Problem description: Return exactly the line that contains "Американский фельдмаршал Дуглас" and all lines beneath it in the entries, through the very last one.

Stored data entries:
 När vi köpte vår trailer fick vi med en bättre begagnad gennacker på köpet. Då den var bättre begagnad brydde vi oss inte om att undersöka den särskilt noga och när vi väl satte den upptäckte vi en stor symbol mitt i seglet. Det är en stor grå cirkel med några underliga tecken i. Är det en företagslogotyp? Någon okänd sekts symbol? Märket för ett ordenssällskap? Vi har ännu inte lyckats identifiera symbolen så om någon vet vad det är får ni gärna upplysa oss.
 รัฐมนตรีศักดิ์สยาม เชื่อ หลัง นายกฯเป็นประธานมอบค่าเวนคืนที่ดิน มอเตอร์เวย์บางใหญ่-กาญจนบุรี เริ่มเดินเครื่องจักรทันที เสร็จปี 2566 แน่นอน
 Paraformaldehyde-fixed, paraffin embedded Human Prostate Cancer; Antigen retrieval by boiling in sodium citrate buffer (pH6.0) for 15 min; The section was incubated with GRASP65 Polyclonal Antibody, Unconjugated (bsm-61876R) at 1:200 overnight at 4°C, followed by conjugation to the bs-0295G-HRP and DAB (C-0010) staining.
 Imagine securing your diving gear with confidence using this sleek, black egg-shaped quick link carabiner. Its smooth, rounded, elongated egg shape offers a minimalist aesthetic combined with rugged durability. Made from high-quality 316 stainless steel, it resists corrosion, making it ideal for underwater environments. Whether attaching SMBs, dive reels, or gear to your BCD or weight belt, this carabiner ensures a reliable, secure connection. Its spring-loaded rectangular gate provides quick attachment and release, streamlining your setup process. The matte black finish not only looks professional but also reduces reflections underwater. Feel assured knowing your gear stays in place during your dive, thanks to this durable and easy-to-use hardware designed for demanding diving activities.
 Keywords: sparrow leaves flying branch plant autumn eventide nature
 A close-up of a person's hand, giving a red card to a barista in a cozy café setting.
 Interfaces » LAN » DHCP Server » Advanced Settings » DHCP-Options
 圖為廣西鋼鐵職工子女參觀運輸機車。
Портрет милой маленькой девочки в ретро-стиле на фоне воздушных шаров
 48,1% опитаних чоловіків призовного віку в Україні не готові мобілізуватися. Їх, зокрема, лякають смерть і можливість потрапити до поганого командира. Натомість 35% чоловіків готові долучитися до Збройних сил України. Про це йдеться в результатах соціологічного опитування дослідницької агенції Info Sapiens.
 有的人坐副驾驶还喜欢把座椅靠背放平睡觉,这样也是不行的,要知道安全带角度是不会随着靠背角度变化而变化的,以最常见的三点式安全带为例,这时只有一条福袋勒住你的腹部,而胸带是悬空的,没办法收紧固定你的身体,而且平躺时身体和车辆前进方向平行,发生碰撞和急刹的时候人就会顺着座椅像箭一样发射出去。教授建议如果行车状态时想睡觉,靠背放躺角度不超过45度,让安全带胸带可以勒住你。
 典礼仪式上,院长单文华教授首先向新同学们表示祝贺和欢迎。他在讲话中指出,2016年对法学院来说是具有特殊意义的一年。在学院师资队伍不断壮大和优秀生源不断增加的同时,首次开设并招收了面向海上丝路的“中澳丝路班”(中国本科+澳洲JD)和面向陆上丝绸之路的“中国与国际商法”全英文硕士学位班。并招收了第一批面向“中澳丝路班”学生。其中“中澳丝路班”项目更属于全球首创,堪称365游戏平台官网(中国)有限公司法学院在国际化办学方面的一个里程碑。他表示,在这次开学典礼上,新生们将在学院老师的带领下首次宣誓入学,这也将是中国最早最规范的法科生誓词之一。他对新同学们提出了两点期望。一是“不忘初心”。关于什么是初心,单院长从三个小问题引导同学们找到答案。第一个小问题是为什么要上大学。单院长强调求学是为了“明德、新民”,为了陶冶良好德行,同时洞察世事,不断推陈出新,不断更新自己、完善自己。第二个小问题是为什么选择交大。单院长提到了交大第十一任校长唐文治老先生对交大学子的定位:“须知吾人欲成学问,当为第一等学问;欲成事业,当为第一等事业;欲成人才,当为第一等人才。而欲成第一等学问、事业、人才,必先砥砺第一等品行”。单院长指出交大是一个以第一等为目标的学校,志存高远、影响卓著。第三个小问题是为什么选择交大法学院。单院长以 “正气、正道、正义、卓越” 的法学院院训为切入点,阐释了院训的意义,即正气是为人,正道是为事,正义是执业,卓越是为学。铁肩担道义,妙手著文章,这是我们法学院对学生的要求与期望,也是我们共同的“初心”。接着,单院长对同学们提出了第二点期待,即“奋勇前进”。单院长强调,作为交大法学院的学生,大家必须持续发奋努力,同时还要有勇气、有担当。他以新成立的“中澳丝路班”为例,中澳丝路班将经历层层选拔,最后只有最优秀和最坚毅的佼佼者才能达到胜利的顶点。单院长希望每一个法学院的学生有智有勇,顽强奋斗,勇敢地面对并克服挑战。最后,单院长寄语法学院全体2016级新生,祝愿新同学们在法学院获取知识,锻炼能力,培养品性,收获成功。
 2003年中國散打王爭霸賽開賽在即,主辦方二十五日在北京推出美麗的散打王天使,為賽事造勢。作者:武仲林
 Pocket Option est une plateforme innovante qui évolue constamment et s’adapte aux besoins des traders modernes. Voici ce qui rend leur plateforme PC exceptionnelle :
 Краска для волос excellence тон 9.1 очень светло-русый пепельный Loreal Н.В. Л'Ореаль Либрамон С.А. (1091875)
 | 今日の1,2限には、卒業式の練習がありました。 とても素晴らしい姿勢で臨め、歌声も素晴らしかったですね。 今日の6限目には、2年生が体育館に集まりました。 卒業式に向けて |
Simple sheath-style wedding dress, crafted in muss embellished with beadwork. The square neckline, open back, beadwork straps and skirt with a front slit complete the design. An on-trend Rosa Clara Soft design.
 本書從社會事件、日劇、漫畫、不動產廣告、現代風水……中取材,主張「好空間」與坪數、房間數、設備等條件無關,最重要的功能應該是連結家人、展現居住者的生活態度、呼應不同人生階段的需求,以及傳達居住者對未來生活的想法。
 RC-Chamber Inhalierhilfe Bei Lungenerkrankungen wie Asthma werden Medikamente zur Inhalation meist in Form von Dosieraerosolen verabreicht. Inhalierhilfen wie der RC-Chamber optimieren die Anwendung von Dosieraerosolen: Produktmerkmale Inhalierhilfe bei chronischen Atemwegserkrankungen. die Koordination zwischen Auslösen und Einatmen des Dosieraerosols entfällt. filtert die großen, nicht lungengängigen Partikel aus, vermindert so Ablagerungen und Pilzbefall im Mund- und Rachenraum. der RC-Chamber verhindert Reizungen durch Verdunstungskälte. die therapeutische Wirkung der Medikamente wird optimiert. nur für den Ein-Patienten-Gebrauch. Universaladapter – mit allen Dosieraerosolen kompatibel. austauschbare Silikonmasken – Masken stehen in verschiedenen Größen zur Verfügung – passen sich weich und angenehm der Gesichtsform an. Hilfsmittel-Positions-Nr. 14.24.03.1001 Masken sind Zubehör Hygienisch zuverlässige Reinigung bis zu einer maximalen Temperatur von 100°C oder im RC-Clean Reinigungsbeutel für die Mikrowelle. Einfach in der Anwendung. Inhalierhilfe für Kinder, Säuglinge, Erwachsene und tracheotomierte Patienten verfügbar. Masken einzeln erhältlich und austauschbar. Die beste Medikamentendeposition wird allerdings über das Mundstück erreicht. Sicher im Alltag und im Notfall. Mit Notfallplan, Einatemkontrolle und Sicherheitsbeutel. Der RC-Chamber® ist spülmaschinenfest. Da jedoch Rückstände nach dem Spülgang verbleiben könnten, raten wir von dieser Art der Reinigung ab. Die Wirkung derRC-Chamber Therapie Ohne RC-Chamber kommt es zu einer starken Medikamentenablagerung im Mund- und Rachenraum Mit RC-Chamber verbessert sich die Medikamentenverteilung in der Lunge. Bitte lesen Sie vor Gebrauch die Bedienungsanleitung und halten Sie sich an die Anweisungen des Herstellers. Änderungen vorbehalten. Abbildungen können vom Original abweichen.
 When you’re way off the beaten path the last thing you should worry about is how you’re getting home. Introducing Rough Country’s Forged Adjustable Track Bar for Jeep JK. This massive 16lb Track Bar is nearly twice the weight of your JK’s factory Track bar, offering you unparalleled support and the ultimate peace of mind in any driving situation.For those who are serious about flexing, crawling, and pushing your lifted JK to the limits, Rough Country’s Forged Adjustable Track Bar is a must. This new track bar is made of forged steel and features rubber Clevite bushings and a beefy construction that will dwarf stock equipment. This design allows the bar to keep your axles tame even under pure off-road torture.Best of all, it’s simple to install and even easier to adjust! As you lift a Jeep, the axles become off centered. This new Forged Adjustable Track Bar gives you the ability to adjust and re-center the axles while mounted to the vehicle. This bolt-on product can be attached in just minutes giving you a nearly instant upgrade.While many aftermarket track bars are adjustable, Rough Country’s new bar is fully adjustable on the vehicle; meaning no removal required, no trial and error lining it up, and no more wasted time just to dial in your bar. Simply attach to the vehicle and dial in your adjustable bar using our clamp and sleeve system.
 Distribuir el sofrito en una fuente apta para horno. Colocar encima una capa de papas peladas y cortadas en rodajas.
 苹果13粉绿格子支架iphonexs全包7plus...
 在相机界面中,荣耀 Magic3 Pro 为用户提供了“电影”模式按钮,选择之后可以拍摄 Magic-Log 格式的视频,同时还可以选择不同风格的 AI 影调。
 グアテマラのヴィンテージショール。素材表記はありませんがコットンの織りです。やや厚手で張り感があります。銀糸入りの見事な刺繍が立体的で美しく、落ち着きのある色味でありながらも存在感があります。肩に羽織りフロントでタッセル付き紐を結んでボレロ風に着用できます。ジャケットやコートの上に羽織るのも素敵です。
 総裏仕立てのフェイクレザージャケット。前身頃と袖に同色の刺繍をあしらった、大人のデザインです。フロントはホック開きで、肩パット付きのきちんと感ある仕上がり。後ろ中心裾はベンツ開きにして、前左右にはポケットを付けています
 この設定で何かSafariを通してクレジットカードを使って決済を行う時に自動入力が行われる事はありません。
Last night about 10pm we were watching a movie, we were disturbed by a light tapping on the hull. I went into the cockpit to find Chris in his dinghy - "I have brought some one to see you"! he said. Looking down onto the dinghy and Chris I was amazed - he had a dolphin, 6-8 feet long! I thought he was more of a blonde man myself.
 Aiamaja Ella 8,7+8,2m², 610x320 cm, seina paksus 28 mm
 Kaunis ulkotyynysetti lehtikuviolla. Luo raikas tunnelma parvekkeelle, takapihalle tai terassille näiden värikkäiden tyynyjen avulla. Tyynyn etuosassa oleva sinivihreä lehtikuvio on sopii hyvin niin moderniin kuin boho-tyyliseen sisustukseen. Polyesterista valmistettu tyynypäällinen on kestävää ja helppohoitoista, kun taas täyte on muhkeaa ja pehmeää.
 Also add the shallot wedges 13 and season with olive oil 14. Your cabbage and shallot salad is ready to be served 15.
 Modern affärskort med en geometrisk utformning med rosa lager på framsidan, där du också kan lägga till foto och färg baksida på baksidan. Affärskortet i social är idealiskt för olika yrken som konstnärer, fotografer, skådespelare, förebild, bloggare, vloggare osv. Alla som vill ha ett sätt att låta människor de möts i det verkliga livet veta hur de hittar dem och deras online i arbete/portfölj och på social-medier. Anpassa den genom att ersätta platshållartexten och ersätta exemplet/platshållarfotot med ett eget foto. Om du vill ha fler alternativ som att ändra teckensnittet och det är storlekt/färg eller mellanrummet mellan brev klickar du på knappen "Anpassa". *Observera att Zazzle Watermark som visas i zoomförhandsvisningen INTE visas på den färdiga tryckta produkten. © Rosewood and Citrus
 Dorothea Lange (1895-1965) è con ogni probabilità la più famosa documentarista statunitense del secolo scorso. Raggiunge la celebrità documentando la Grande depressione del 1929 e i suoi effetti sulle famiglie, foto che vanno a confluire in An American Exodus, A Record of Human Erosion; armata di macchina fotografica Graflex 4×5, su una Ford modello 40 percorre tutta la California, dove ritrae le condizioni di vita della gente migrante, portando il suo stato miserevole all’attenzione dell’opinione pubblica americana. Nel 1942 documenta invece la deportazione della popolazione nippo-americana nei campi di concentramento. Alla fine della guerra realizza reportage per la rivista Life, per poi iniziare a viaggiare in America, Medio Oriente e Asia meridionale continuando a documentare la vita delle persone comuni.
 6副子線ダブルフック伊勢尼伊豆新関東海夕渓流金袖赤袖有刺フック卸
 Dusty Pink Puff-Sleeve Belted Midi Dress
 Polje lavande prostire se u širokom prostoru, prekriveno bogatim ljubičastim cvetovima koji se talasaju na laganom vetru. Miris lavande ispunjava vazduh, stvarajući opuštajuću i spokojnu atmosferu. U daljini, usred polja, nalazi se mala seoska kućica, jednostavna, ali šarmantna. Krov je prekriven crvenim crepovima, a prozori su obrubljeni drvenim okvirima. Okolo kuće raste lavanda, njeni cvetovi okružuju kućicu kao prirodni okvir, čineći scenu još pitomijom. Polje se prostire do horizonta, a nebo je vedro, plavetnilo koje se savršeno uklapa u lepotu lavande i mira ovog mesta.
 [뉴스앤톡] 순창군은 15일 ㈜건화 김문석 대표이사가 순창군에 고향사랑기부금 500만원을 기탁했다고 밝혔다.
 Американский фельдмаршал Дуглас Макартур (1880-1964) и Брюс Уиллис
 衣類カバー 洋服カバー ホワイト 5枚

Solved exercise:
 Американский фельдмаршал Дуглас Макартур (1880-1964) и Брюс Уиллис
 衣類カバー 洋服カバー ホワイト 5枚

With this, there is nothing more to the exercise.